### Exercise materials

- Opening Delimiter -

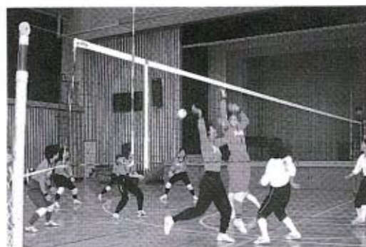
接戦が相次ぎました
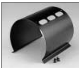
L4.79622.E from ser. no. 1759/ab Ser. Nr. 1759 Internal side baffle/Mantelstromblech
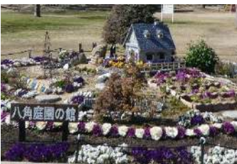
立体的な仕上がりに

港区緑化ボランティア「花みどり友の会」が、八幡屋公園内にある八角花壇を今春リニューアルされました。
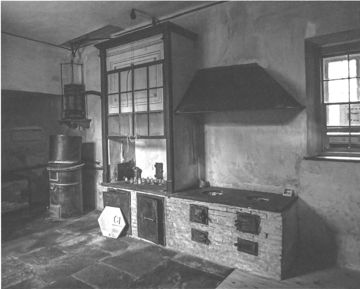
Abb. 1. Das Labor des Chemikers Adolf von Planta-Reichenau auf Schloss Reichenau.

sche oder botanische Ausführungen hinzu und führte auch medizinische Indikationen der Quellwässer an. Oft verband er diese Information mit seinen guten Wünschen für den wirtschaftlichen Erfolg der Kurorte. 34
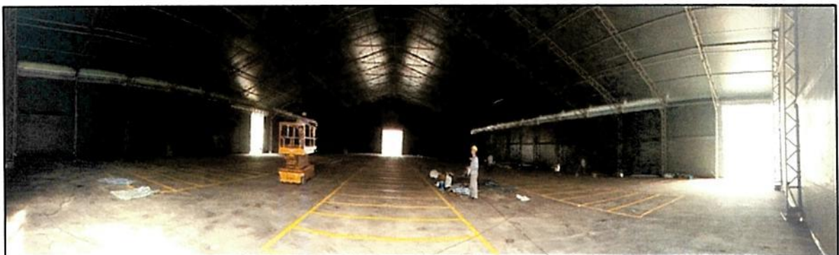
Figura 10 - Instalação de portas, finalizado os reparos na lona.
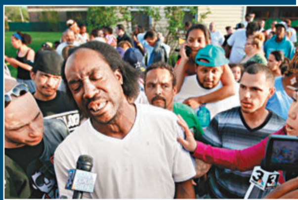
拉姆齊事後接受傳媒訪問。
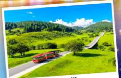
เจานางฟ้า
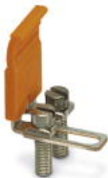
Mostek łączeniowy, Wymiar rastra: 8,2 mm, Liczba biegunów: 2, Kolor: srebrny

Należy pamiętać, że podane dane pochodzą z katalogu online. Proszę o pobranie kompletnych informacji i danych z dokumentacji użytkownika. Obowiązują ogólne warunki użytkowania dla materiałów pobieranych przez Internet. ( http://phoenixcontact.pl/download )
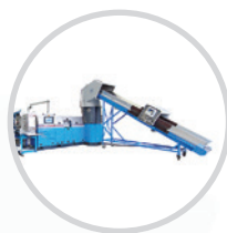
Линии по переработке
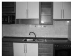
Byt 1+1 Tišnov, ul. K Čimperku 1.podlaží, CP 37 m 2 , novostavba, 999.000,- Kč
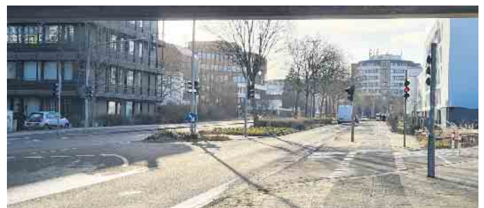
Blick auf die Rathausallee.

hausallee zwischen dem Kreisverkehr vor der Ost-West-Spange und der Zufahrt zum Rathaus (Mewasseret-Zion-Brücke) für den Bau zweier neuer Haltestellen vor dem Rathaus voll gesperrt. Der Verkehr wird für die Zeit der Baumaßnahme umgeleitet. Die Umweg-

- Closing Delimiter -
- Opening Delimiter -

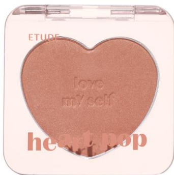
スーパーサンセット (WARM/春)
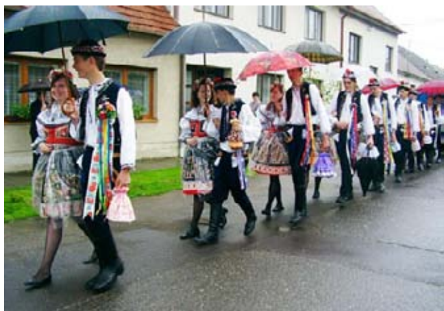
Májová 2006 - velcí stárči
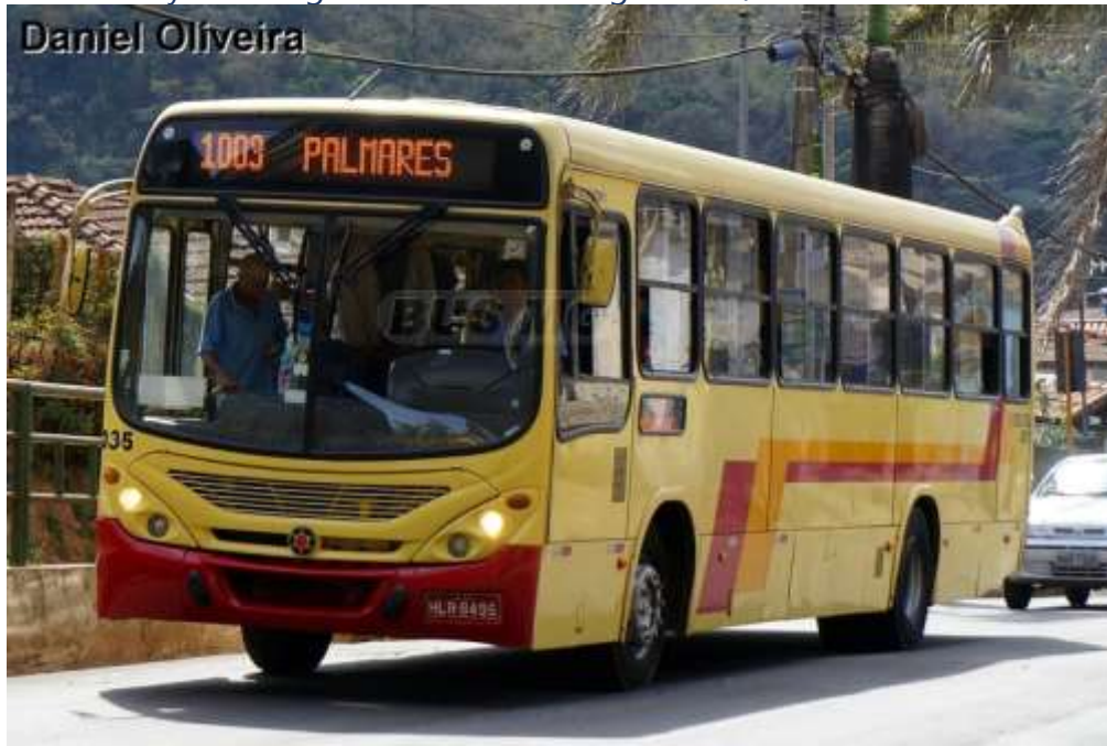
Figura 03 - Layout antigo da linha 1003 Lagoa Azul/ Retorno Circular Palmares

- Closing Delimiter -

### Task requirements
Find where the line with "Blick auf die Rathausallee." sits in the material above, then copy exactly from it through the line with "hausallee zwischen dem". Add no other line.

### Exercise response
Blick auf die Rathausallee.

hausallee zwischen dem Kreisverkehr vor der Ost-West-Spange und der Zufahrt zum Rathaus (Mewasseret-Zion-Brücke) für den Bau zweier neuer Haltestellen vor dem Rathaus voll gesperrt. Der Verkehr wird für die Zeit der Baumaßnahme umgeleitet. Die Umweg-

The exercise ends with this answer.